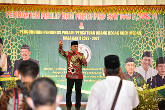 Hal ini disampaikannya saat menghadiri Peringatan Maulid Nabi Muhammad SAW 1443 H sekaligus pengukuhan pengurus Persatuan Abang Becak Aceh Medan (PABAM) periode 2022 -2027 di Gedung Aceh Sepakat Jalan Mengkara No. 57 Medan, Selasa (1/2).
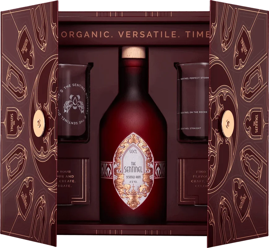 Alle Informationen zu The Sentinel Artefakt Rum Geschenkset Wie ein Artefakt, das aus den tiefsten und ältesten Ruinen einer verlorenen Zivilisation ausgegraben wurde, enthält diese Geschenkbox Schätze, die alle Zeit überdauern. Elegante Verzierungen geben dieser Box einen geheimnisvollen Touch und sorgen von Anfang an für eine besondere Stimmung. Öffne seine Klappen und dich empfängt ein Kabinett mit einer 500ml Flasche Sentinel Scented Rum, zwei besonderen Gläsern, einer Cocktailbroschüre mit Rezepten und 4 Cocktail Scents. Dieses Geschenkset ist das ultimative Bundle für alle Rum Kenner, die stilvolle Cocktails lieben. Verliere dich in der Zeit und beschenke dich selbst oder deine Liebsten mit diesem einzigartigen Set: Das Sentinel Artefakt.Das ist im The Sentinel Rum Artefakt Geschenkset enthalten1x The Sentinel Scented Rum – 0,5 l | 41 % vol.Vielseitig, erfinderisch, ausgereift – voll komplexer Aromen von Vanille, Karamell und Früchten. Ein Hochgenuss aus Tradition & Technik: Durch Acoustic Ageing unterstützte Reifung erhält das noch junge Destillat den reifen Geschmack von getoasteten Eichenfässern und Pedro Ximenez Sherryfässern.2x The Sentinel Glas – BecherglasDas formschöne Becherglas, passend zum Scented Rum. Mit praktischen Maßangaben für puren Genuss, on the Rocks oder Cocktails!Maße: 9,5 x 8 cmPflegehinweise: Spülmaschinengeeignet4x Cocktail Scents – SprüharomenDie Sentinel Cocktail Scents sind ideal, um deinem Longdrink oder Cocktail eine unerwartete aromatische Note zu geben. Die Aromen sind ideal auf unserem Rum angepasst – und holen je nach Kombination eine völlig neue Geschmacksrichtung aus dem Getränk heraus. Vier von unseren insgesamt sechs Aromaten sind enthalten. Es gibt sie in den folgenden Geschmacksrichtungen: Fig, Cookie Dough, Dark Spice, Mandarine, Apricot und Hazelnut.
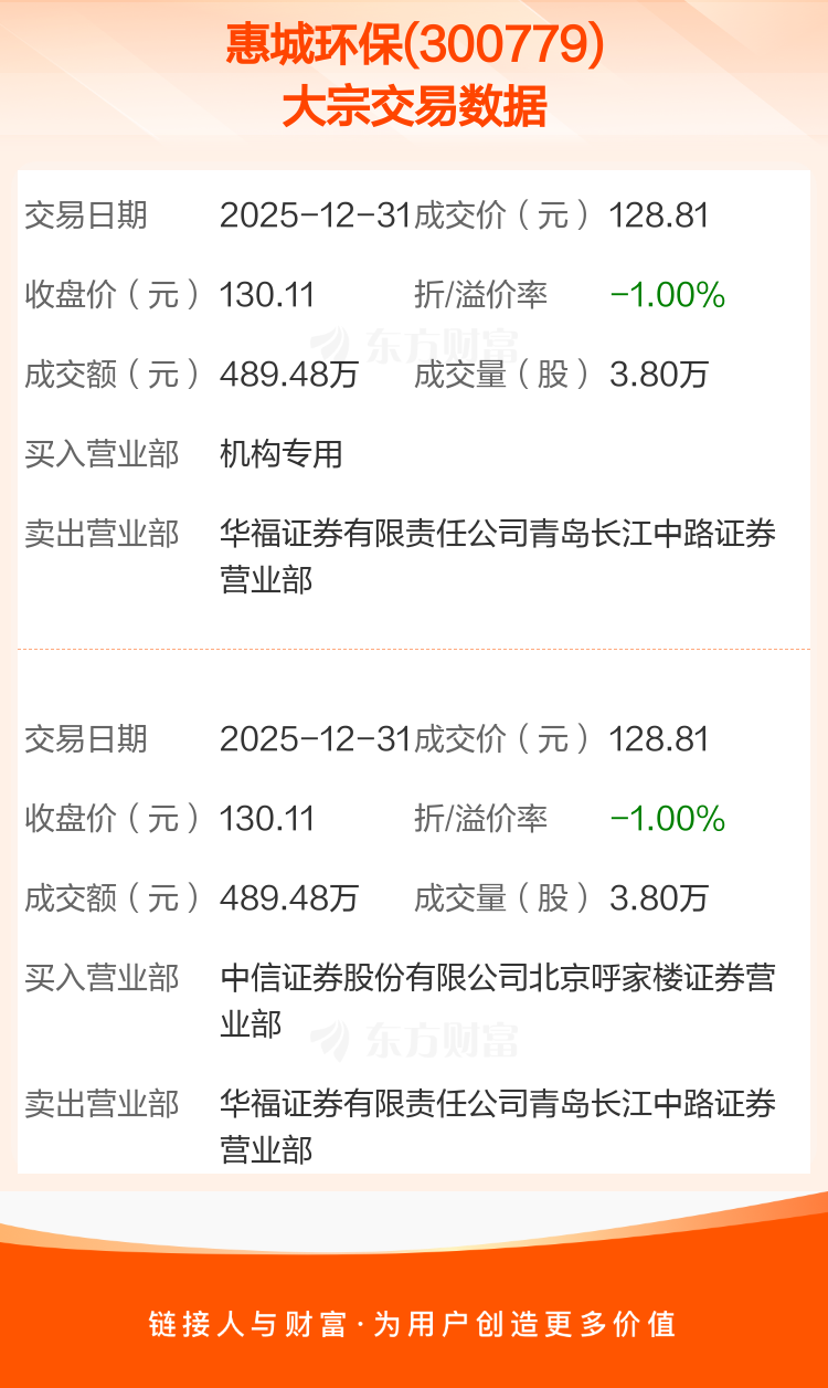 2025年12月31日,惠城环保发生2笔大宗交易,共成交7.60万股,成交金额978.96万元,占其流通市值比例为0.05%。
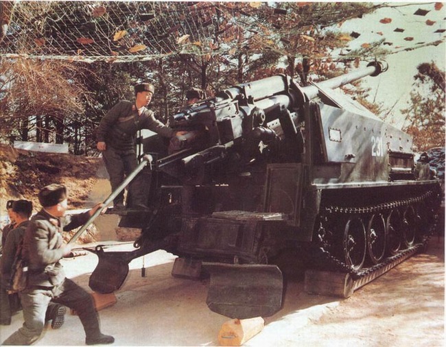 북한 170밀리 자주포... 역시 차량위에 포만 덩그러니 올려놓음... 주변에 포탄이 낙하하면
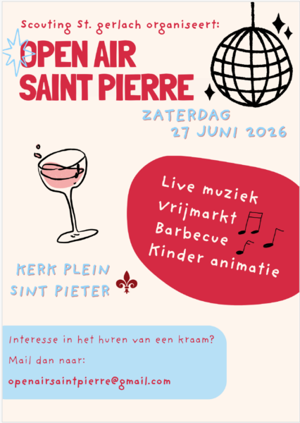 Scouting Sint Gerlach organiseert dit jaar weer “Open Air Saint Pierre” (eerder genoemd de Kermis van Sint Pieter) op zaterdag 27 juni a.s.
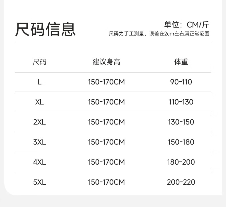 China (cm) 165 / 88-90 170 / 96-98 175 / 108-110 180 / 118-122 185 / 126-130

EXERCISE DIRECTIONS:
Return each of the lines exactly as they appear above, with no images.

RESPONSE:
 Hal ini disampaikannya saat menghadiri Peringatan Maulid Nabi Muhammad SAW 1443 H sekaligus pengukuhan pengurus Persatuan Abang Becak Aceh Medan (PABAM) periode 2022 -2027 di Gedung Aceh Sepakat Jalan Mengkara No. 57 Medan, Selasa (1/2).
 Alle Informationen zu The Sentinel Artefakt Rum Geschenkset Wie ein Artefakt, das aus den tiefsten und ältesten Ruinen einer verlorenen Zivilisation ausgegraben wurde, enthält diese Geschenkbox Schätze, die alle Zeit überdauern. Elegante Verzierungen geben dieser Box einen geheimnisvollen Touch und sorgen von Anfang an für eine besondere Stimmung. Öffne seine Klappen und dich empfängt ein Kabinett mit einer 500ml Flasche Sentinel Scented Rum, zwei besonderen Gläsern, einer Cocktailbroschüre mit Rezepten und 4 Cocktail Scents. Dieses Geschenkset ist das ultimative Bundle für alle Rum Kenner, die stilvolle Cocktails lieben. Verliere dich in der Zeit und beschenke dich selbst oder deine Liebsten mit diesem einzigartigen Set: Das Sentinel Artefakt.Das ist im The Sentinel Rum Artefakt Geschenkset enthalten1x The Sentinel Scented Rum – 0,5 l | 41 % vol.Vielseitig, erfinderisch, ausgereift – voll komplexer Aromen von Vanille, Karamell und Früchten. Ein Hochgenuss aus Tradition & Technik: Durch Acoustic Ageing unterstützte Reifung erhält das noch junge Destillat den reifen Geschmack von getoasteten Eichenfässern und Pedro Ximenez Sherryfässern.2x The Sentinel Glas – BecherglasDas formschöne Becherglas, passend zum Scented Rum. Mit praktischen Maßangaben für puren Genuss, on the Rocks oder Cocktails!Maße: 9,5 x 8 cmPflegehinweise: Spülmaschinengeeignet4x Cocktail Scents – SprüharomenDie Sentinel Cocktail Scents sind ideal, um deinem Longdrink oder Cocktail eine unerwartete aromatische Note zu geben. Die Aromen sind ideal auf unserem Rum angepasst – und holen je nach Kombination eine völlig neue Geschmacksrichtung aus dem Getränk heraus. Vier von unseren insgesamt sechs Aromaten sind enthalten. Es gibt sie in den folgenden Geschmacksrichtungen: Fig, Cookie Dough, Dark Spice, Mandarine, Apricot und Hazelnut.
 2025年12月31日,惠城环保发生2笔大宗交易,共成交7.60万股,成交金额978.96万元,占其流通市值比例为0.05%。
 북한 170밀리 자주포... 역시 차량위에 포만 덩그러니 올려놓음... 주변에 포탄이 낙하하면
 Scouting Sint Gerlach organiseert dit jaar weer “Open Air Saint Pierre” (eerder genoemd de Kermis van Sint Pieter) op zaterdag 27 juni a.s.
 China (cm) 165 / 88-90 170 / 96-98 175 / 108-110 180 / 118-122 185 / 126-130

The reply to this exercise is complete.